TASK INSTRUCTIONS - From the material below, return exactly the lines starting at the one that holds "교육부는 15일 수도권" and ending at the one that holds "Pulsera Virgen de". Pictures stay out of the answer.

DATA EXTRACT -
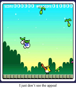 Make no mistake, the entirety of WarioWare is a trick. WW was released in 2003, a full five years before the launch of the Apple App Store. Relevance? Much of WarioWare is based on bite sized games that last ten seconds, max. These short, “burst” games are all the rage now, in the age of cellphones and ipads and other devices those damn kids keep playing on my lawn. 2003 was still the age of “game lasts 800 hours and is considered college credit in six states”, when the idea of games that lasted three minutes because that’s how long you’ll be in the supermarket checkout line was a long way away. And the controls of WarioWare? One button, four directions, done. Want me to name another device with one button? It’s small and rectangular and rhymes with iTyrone. Nintendo… I mean Wario… invented a genre at least half a decade before its official debut. And how does one sell such a series of games before the advent of effortless downloads and teeny pricetags? Blend them all together, call it a combined “challenge”, and slap your most devious mascot on the cover. After all, we know we have a brand new, completely unproven (but fun!) game here, if it fails, we can just laugh it off as another Wario blunder. Oh, that wacky, smelly guy.
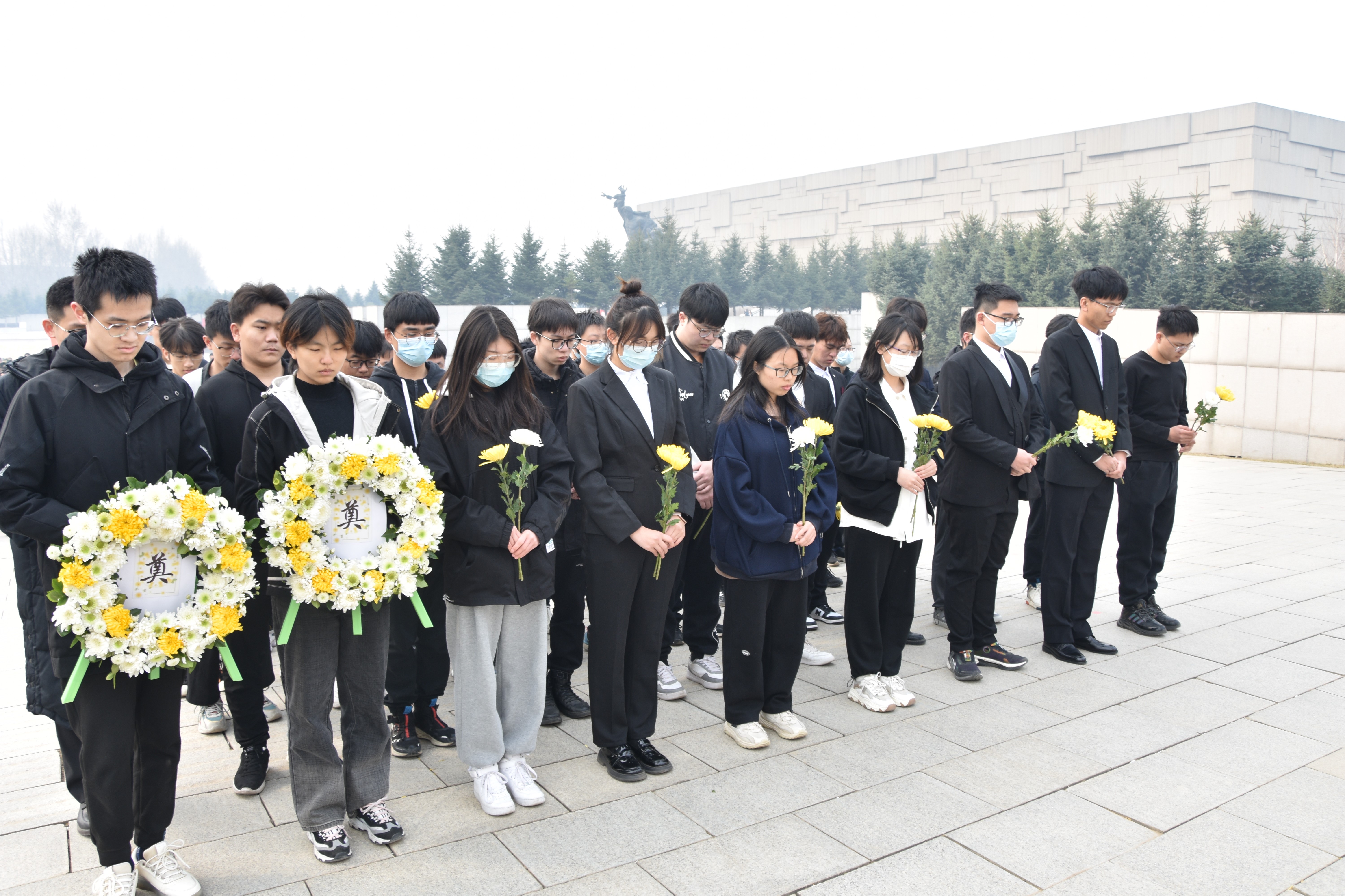 2023年4月5日上午9:00,大巴抵达长春市革命烈士陵园。2021级员工代表李赫同学在纪念碑下做祭扫演讲,瞻仰“长春革命烈士纪念碑”,全体默哀三分钟。
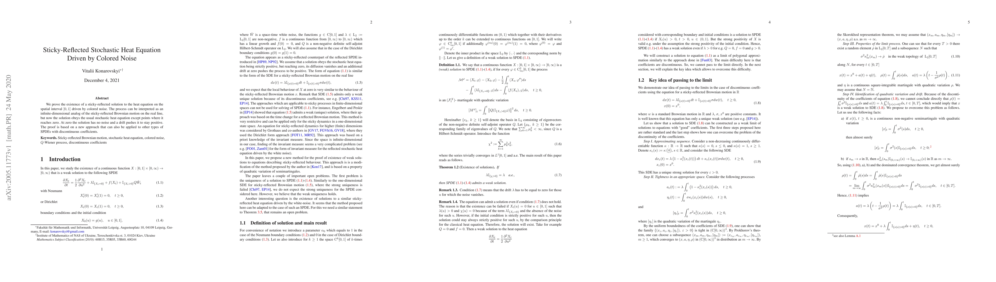 The paper introduces a new proof technique for SPDEs with discontinuous coefficients, specifically applicable to the sticky-reflected stochastic heat equation.
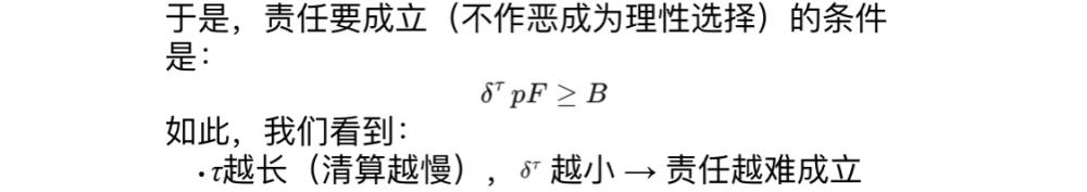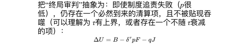 核心:没有终局审判=贴现率趋近无穷大=责任变成不值得。
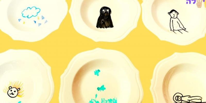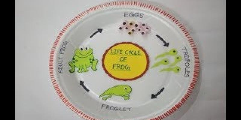 יצירה בצלחת המציגה את מחזור חיי הצפרדע
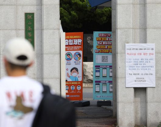 교육부는 15일 수도권 전면 원격 수업을 예정대로 20일 종료하고 21일 등교를 재개한다고 밝혔다. 이날 오후 서울 용산고등학교 교문에 코로나19 확산 방지 안내 수칙 관련 안내문이 세워져 있다.(사진=연합뉴스) |
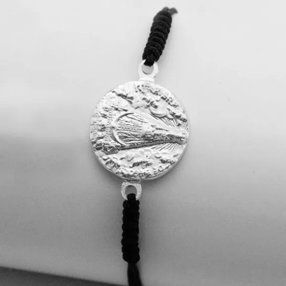 Pulsera Virgen de Begoña con forma redonda de Plata de 1ª Ley (925mm) de hilo negro con cierre de macramé para ajustarlo a diferentes medidas. En los extremos del motivo se encuentran nudos decorativos y bolita de Plata de 1ª Ley. Medida pulsera abierta: 23cm. Diámetro pieza: alto 17mm. Diámetro bolita: 4mm. Opción de personalizar con un nombre o fecha.*Una vez realizada la grabación, no se admite devolución.
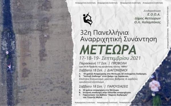 H Ελληνική Ομοσπονδία Ορειβασίας –Αναρρίχησης διοργανώνει τη 32η Πανελλήνια Αναρριχητική Συνάντηση που θα πραγματοποιηθεί στις 17, 18 και 19 Σεπτεμβρίου στην περιοχή των Μετεώρων.

OUTPUT FOR THIS TASK -
 교육부는 15일 수도권 전면 원격 수업을 예정대로 20일 종료하고 21일 등교를 재개한다고 밝혔다. 이날 오후 서울 용산고등학교 교문에 코로나19 확산 방지 안내 수칙 관련 안내문이 세워져 있다.(사진=연합뉴스) |
 Pulsera Virgen de Begoña con forma redonda de Plata de 1ª Ley (925mm) de hilo negro con cierre de macramé para ajustarlo a diferentes medidas. En los extremos del motivo se encuentran nudos decorativos y bolita de Plata de 1ª Ley. Medida pulsera abierta: 23cm. Diámetro pieza: alto 17mm. Diámetro bolita: 4mm. Opción de personalizar con un nombre o fecha.*Una vez realizada la grabación, no se admite devolución.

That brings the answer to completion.